The planners of the first Earth Day quickly got the cooperation of The Establishment in Philadelphia, where it evolved into a weeklong celebration that the planners called Earth Week.

And the city made the most of it, capping off the festivities on April 22, 1970, with a six-hour festival in Fairmount Park. The finale of the weeklong event drew somewhere between 25,000 and 30,000 clean-air lovers.

It was this gathering in the city its inhabitants called “Filthydelphia” that helped kick off a push for a brighter, and cleaner, future.

“It was the biggest event in the country that day, remarkable considering that there were Earth Day events in countless cities and towns and at an estimated 2,000 colleges and 10,000 high schools,” wrote a Daily News reporter.

The idea for the first official celebration of our third planet from the sun sprang from U.S. Sen.
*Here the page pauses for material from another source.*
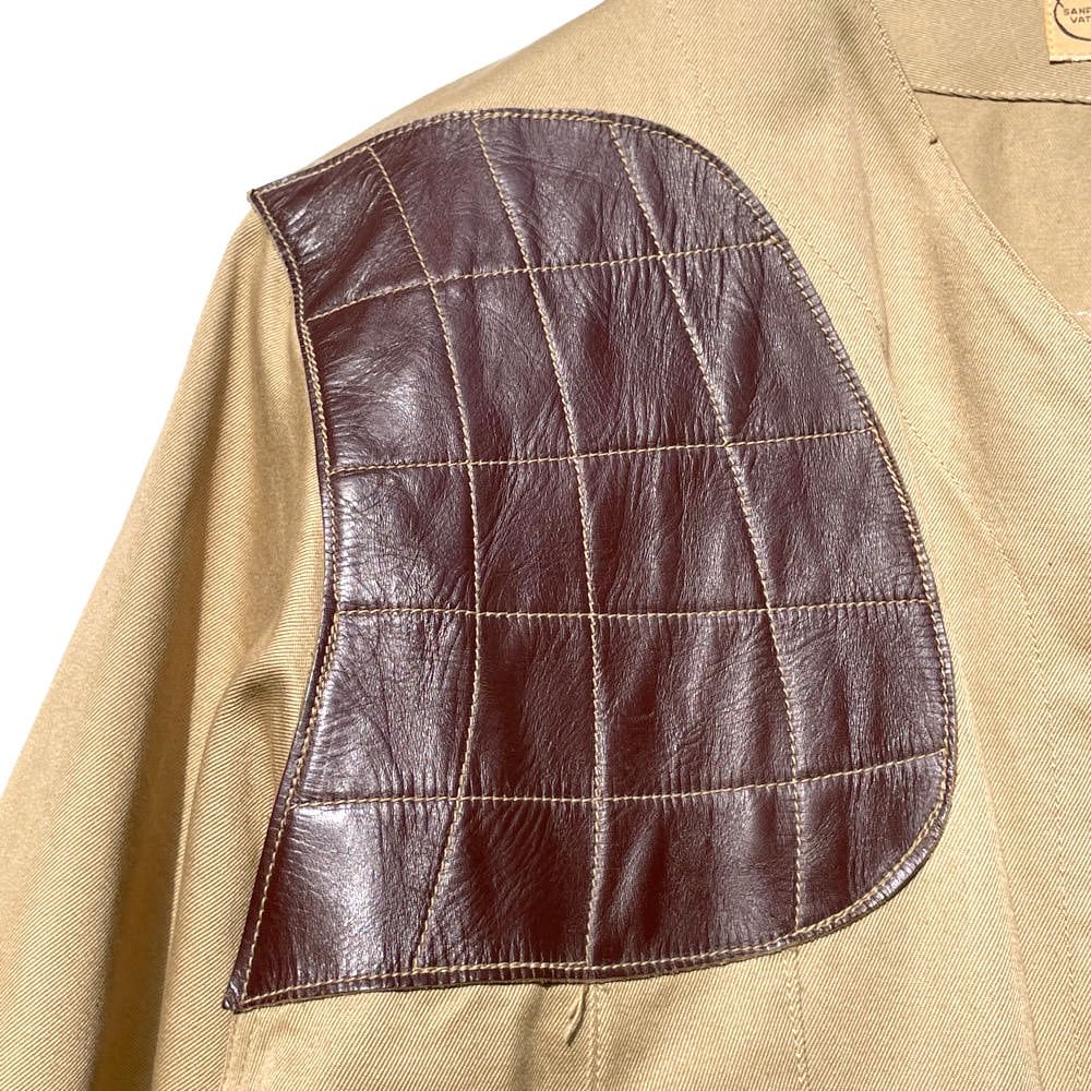The collarless neckline, leather pockets and gun patches contrast with the beige body for an antique look.

Gaylord Nelson.

The Wisconsin Democrat proposed his idea for a national event focused on the environment in the fall of 1969.
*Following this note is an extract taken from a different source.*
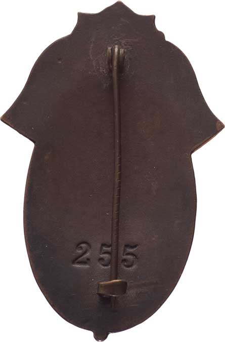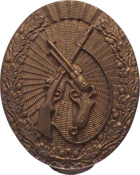 puškou na rameni, opis, Nesign., postříbřený odznak se závěsným ráhnem a dvěma střapci RR! |

He had envisioned classes and teach-ins held nationwide, and mostly across college campuses, to educate the public on the power and fragility of nature.

The term Earth Day was coined later.

But in Philadelphia, those four young students at the University of Pennsylvania embraced Nelson’s idea and ran with it.

One of the largest events occurred the evening before Earth Day, when a Chestnut Street parade preceded a rally on Independence Mall, which drew 7,000 people.

And on the actual Earth Day, on a bright and clear day with temperatures hovering in the 50s, thousands in tie-dyed clothing rallied around the Philadelphia Museum of Art.

And then they paraded to Belmont Plateau for the six-hour event.

“The throngs listened to the gospel of environmental rights, they cheered, they sang some more,” according to the Daily News.

Earth Day, said poet Allen Ginsberg, was an “educational picnic.”

The best part?

The thousands of revelers picked up their trash.